EXERCISE INSTRUCTIONS: The task calls for the lines below from the line with "Що се отнася" to the line with "Синее платье, из", both ends included, copied exactly, without any pictures.

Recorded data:
'''

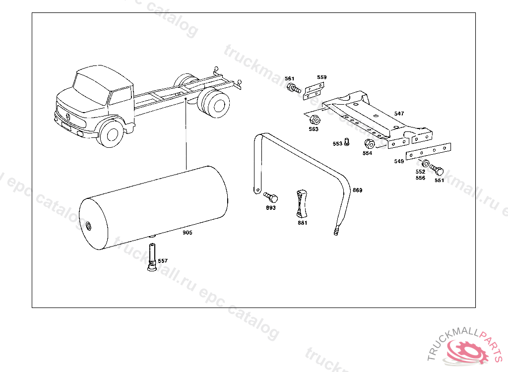 STRAP AIR RESERVOIR TO FRAME, 620.415 UP TO CHASSIS 5 014668 620.416 UP TO CHASSIS 5 000515 620.417 UP TO CHASSIS 4 972023
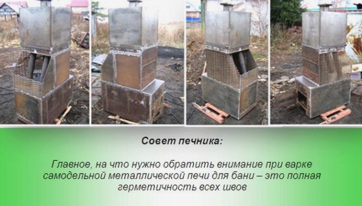 Що се отнася до метални пещи, те могат да бъдат заварени с помощта на метални листове и дебелостенни тръби с големи диаметри, както и използвани цилиндри и бъчви, а понякога се използва и такъв екзотичен вид материал като джанти..
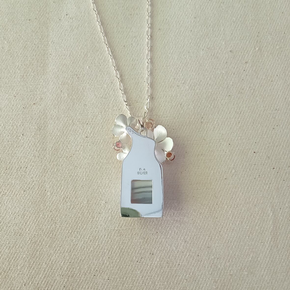 結晶アゲートとトルマリンのランドスケープ ペンダント SV925 ~山なみと花火~
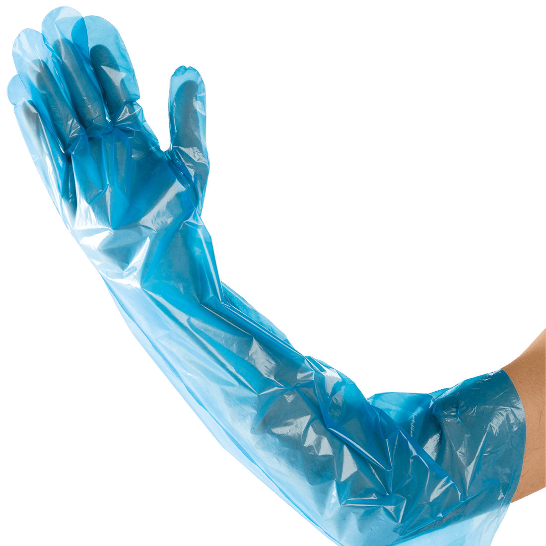 Gloves in 0.02 mm thick polyethylene, length 70 cm. Pack of 1.000 pieces.
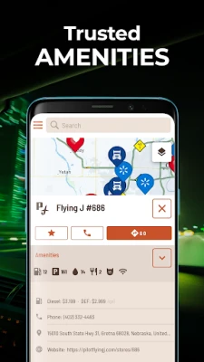 - Detailed POIs with diesel prices, hours of operation, click-to-call buttons, and amenity listings
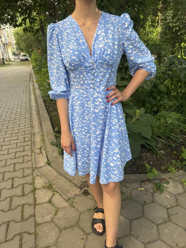 Синее платье, из очень приятной ткани, немножко тянется 38 размер
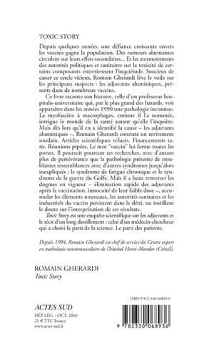 Ce livre raconte son histoire, celle d'un professeur hospitalo-universitaire qui, par le plus grand des hasards, voit apparaître dans les années 1990 une pathologie inconnue. La myofasciite à macrophages, comme il l'a nommée, intrigue le monde de la santé autant qu'elle l'inquiète. Mais dès lors qu'il en a identifié la cause - les adjuvants aluminiques -, Romain Gherardi constate un revirement soudain. Articles scientifiques refusés. Financements taris. Réunions pipées. Le mot "vaccin" lui ferme toutes les portes. Il poursuit pourtant ses recherches, avec d'autant plus de persévérance que la pathologie présente de troublantes ressemblances avec d'autres syndromes jusqu'alors inexpliqués : le syndrome de fatigue chronique et le syndrome de la guerre du Golfe. Mais il a beau renverser les dogmes en vigueur - élimination rapide des adjuvants après la vaccination, innocuité de leur faible dose -, accumuler les éléments nouveaux, les autorités sanitaires et les industriels du vaccin persistent dans le déni, ou instillent le doute sur l'interprétation de ses résultats.
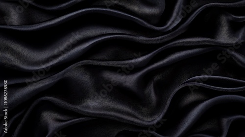 Luxurious Black Silk Fabric with Soft Waves and Smooth Texture Creating Elegant and Dramatic Background for Fashion, Textiles, and Design Projects
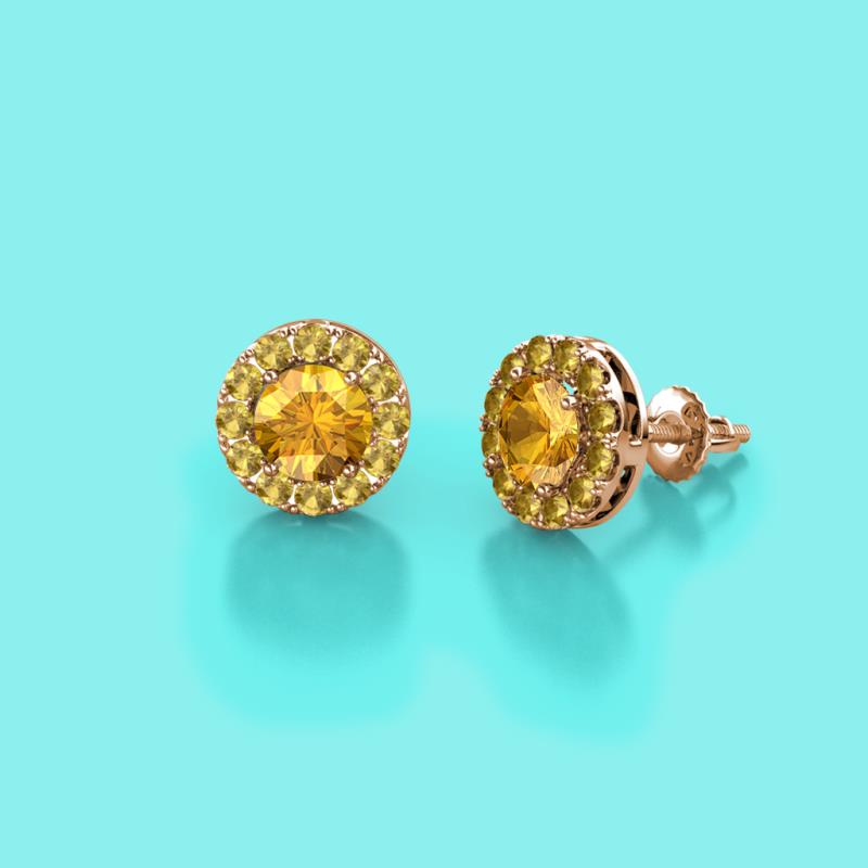 Round Citrine 0.71 ctw Women Halo Stud Earrings 14K Rose Gold More Details ...
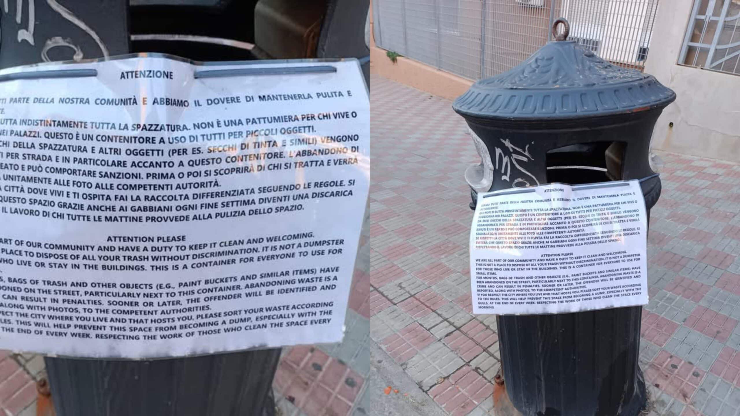 Una scritta in Italiano e in inglese per ricordare le buone norme al fine di evitare che il luogo, come spesso accade, si trasformi in una discarica. Da mesi il cestino preposto per raccogliere cartacce e fazzoletti viene usato come bidone di immondizia non prodotta di certo in strada: “Secchi di tinta e simili vengono abbandonati per strada e in particolare accanto a questo contenitore. L’abbandono di rifiuti è un reato e può comportare sanzioni. Prima o poi si scoprirà di chi si tratta e verrà segnalato unitamente alle foto alle competenti autorità. Se rispetti la città dove vivi e ti ospita fai la raccolta differenziata. Si eviterà che questo spazio grazie anche ai gabbiani ogni fine settimana diventi una discarica rispettando il lavoro di chi tutte le mattine provvede alla pulizia dello spazio”. Semplici regole che se fossero adottate da tutti non ci sarebbe bisogno di ricordare, eppure la necessità è palese in quanto le segnalazioni del degrado che spesso affligge la città, in generale, fioccano giorno dopo giorno.
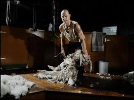 NEW ZEALAND. Near Otamatapaio. 2014. Farmer shearing a sheep.

'''

THE COMPLETED TASK:
 Що се отнася до метални пещи, те могат да бъдат заварени с помощта на метални листове и дебелостенни тръби с големи диаметри, както и използвани цилиндри и бъчви, а понякога се използва и такъв екзотичен вид материал като джанти..
 結晶アゲートとトルマリンのランドスケープ ペンダント SV925 ~山なみと花火~
 Gloves in 0.02 mm thick polyethylene, length 70 cm. Pack of 1.000 pieces.
 - Detailed POIs with diesel prices, hours of operation, click-to-call buttons, and amenity listings
 Синее платье, из очень приятной ткани, немножко тянется 38 размер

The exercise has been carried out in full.